Here, from the beginning, for years, we’ve been saying that we’ll try to do things as best as we can. So, we end up creating processes that are a little more efficient. We save minutes here and there by simplifying the metadata generation process.

Opportunity in Retail

However, with generative AI, we bring solutions that will change how we generate our information. Here, all we need is to have a product description, for example, and to know what the different fields are, what the requirements are, a few constraints to be able to generate metadata very precisely.

We’ll not only be able to save time, but also increase speed. We might see a reduction of fifty to seventy-five percent in the time it takes to generate metadata, but we’ll also gain in accuracy. We’ll be able to generate information of much higher quality.

How We Generate Metadata

How does this work? It’s based on the metadata we already have in our systems. So here, we don’t even need to leave our systems. We take information we already have and draw inspiration from it. We take these examples and provide them to the generative AI.

So, we take a product description, we take examples of metadata, and essentially say to replicate this structure. And there you have it.

Practical Application of AI for Metadata Generation

In fact, here’s an example. Let’s take a hardware store or a grocery store, for instance. Consider a grocery store; it has a lot of inventory items.

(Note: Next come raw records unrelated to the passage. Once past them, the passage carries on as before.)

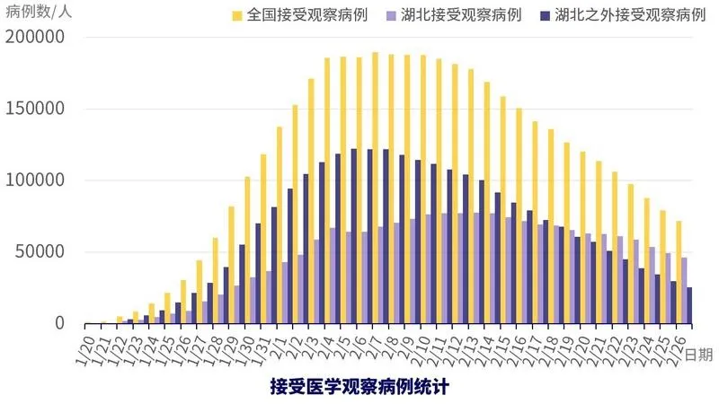 還值得關注的是正在接受醫(yī)學觀察的人數,在全國嚴格管控的情況下,未來新增確診病例很大比例會來自這部分人群。從數據中可以看到,非湖北地區(qū)接受醫(yī)學觀察人數正在快速下降,湖北地區(qū)的也在穩(wěn)步下降中,這可能預示著未來新增確診病例也將下降。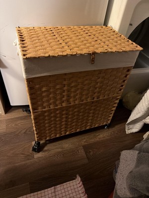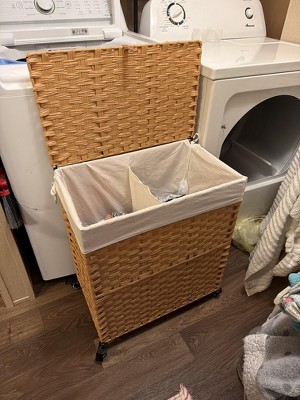 Greenstell Laundry Basket with Lid, Two Removable Inner Lining Bags, Two-compartment Garment Storage Basket, Grey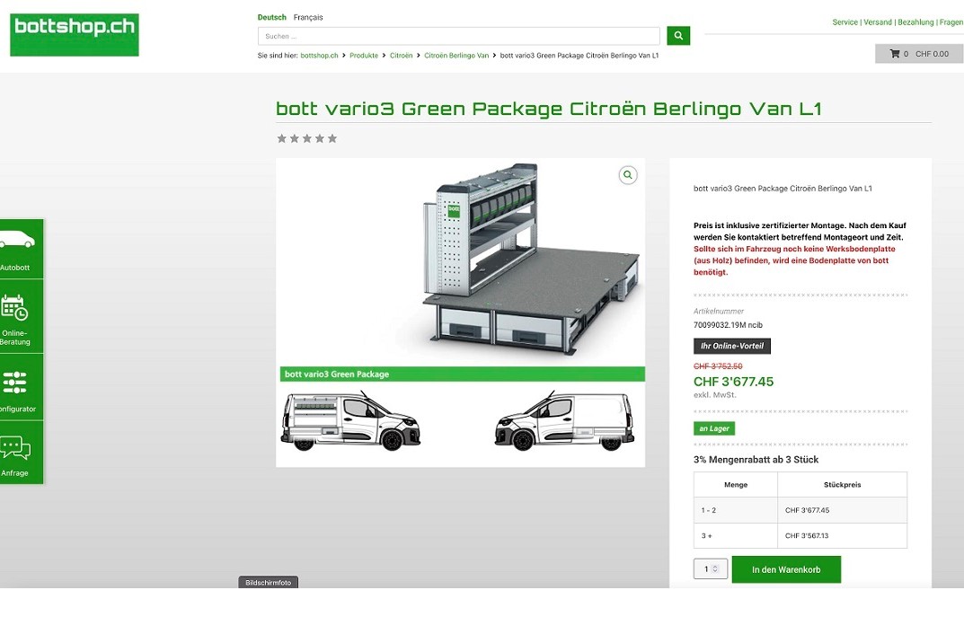Des plaques de sol aux barres de toit en passant par les tirants, tous les accessoires imaginables pour les véhicules utilitaires (jusqu'à 3,5 t) se trouvent désormais dans la boutique bottshop.ch. Grâce à la nouvelle conception et à la fonction de filtrage étendue, il est désormais encore plus rapide et plus facile de trouver le produit souhaité. En cas de commande erronée, il est désormais possible de l'annuler ou de la retourner directement dans le magasin sans aucun problème. La boutique peut être utilisée comme une plateforme d'achat et comme un outil de recherche de produits et sera continuellement développée à l'avenir.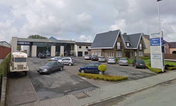Meubelen Weyne en links de bestickerde bestelwagen, waar de problemen door zijn ontstaan. Foto: google maps.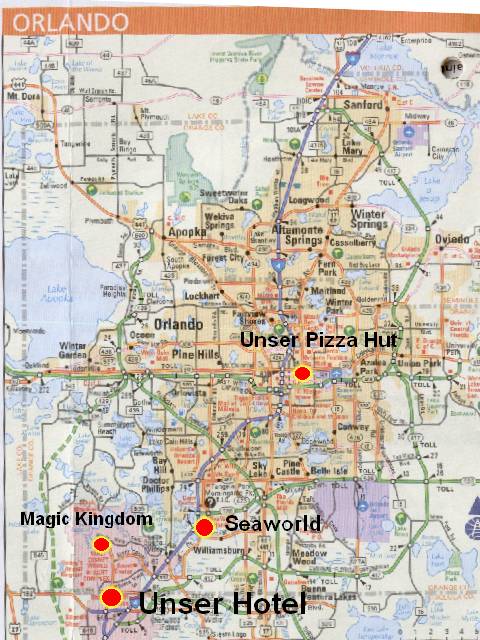 Diesesmal gings direkt in die Stadt und am International Drive haben einen Pizza Hut entdeckt...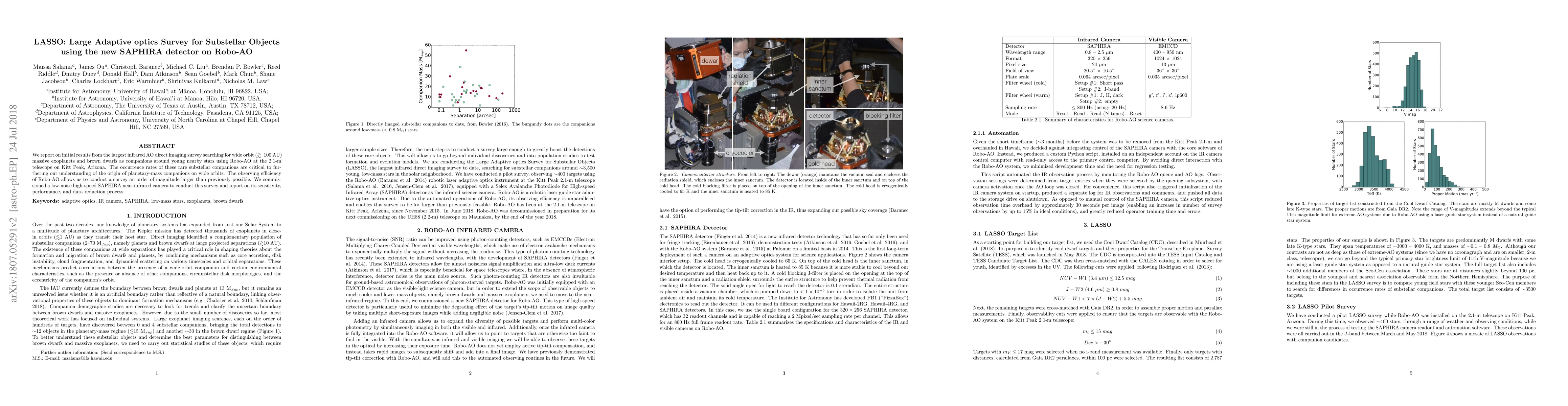This paper presents initial findings from a large infrared adaptive optics survey using Robo-AO and the new SAPHIRA detector to search for massive exoplanets and brown dwarfs in wide orbits around nearby stars. The study highlights the survey's efficiency and the camera's performance in detecting these rare substellar companions.
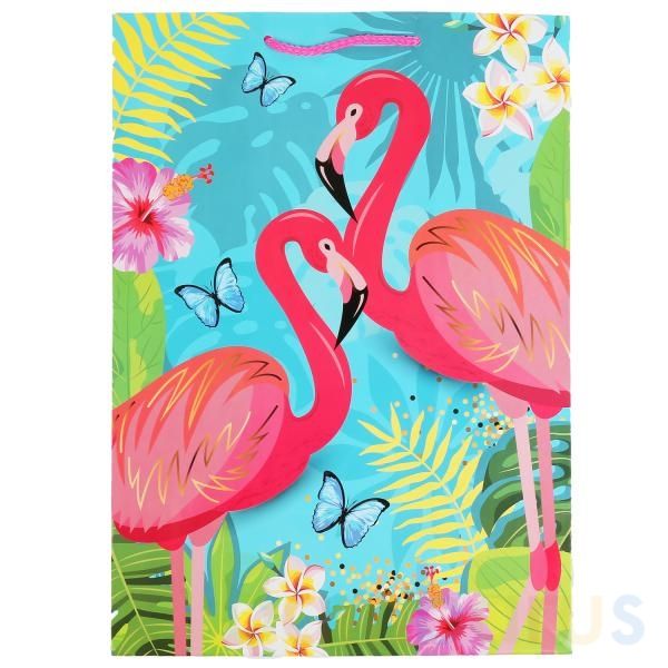 Красочный пакет, с изображением ярко-розовых фламинго в окружении цветов и бабочек, принесёт ребенку радость предвкушения. Ему будет интересно заглянуть в него, чтобы узнать, что же приготовили родные или друзья на день рождения или на любой другой праздник.
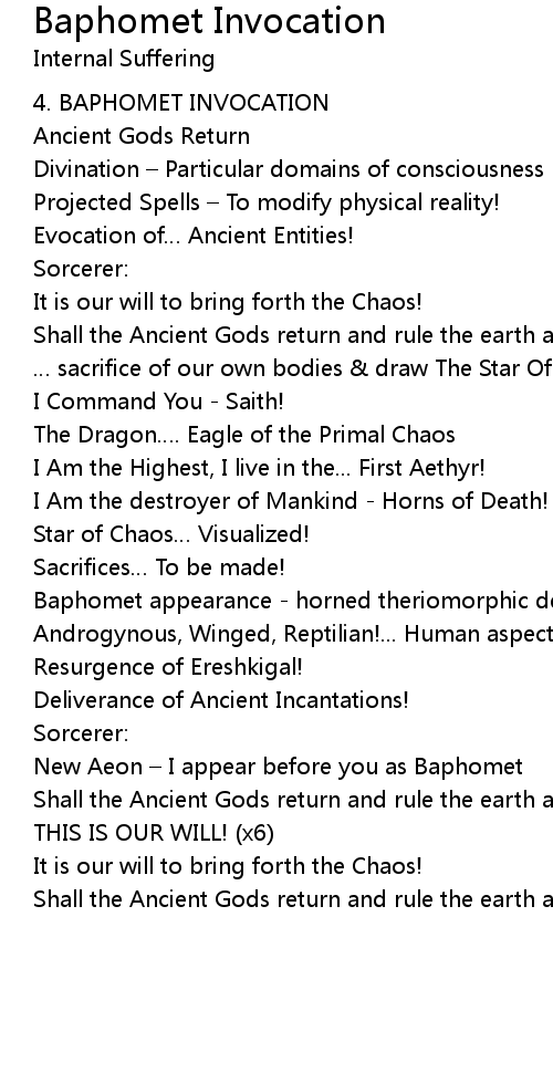 | Song | Baphomet Invocation |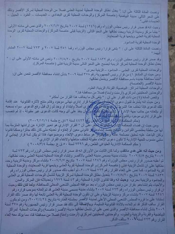 *ومن حيث انه صدر قرار رئيس مجلس الوزراء رقم 1246 لسنة 2007 بتاريخ 7/6/2007 والذى نص فى مادته الاولى على :-” ينشأ مركز ومدينة الزينية ويحدد نطاقها على النحو التالى :الزينية قبلى عاصمة المركز” والوحدات المحلية لقرى الوحدة المحلية لقرية العشى ويتبعها قرية الصعايدة . الوحدة المحلية لقرية المدامود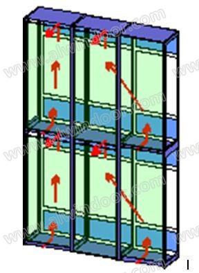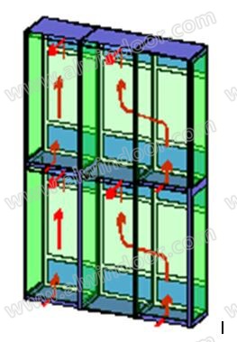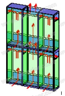 雙層幕墻最大的優點就表現在熱工性能上,分歧最大的也在熱工性能上。雙層幕墻有明顯的溫室效應,顧名思義,溫室效應即是雙層幕墻通道能形成熱屏蔽,冬季能阻止室內的熱量流向室外,夏季能阻止室外的熱量流向室內,使得室內處于較恒定的熱環境中。雙層幕墻的溫室效應共有三種表現形式:其一是在炎熱的夏季,雙層幕墻中通道里的進氣口和出氣口全部打開,由于煙窗效應,空氣將在通道中自下而上的運行,在空氣運行過程中,將通道內的熱量帶出通道,使得內層幕墻處于較低的溫度環境中,阻止了熱量由室外流向室內,這是雙層通道幕墻溫室效應的表現形式之一,見圖7。但是這種溫室效應是動態的、隨機的,只能定性描述,目前還無法定量計算,即使采用計算軟件模擬計算,其結果的準確性也不好評價。

You go to the grocery store, there are tens of thousands of items. And every month, every week, there are even new items. So, what that means is that every week, you potentially have a team of a hundred people whose task is to enter information about a new type of tomato or new cans of soup in order to properly catalog and sell them. This is tedious, time-consuming, and doesn’t add much value.

What we’re talking about here is essentially taking information provided by suppliers, entering it into a generative AI solution, and getting back the necessary metadata to enter into an ERP solution like SAP. Once the metadata is in the SAP solution, the job is done, and you can start selling the item and put it on the shelves.

Feel free to share if you have other ideas for use cases; I’d be happy to discuss them.

Conclusion and Perspectives

In conclusion, the integration of generative artificial intelligence into business practices paves the way for significant and transformative advancements.

The approach to metadata generation relies on information already present in the company’s systems, thus avoiding unnecessary efforts and redundancies. By simply providing a product description and examples of metadata, companies can swiftly and accurately obtain the data needed to fuel their ERP systems. This innovation simplifies and streamlines inventory management, allowing teams to focus on higher-value tasks and accelerating the introduction of new products to the market.

The use case in the retail sector is just the beginning of a broader exploration of the possibilities offered by generative artificial intelligence.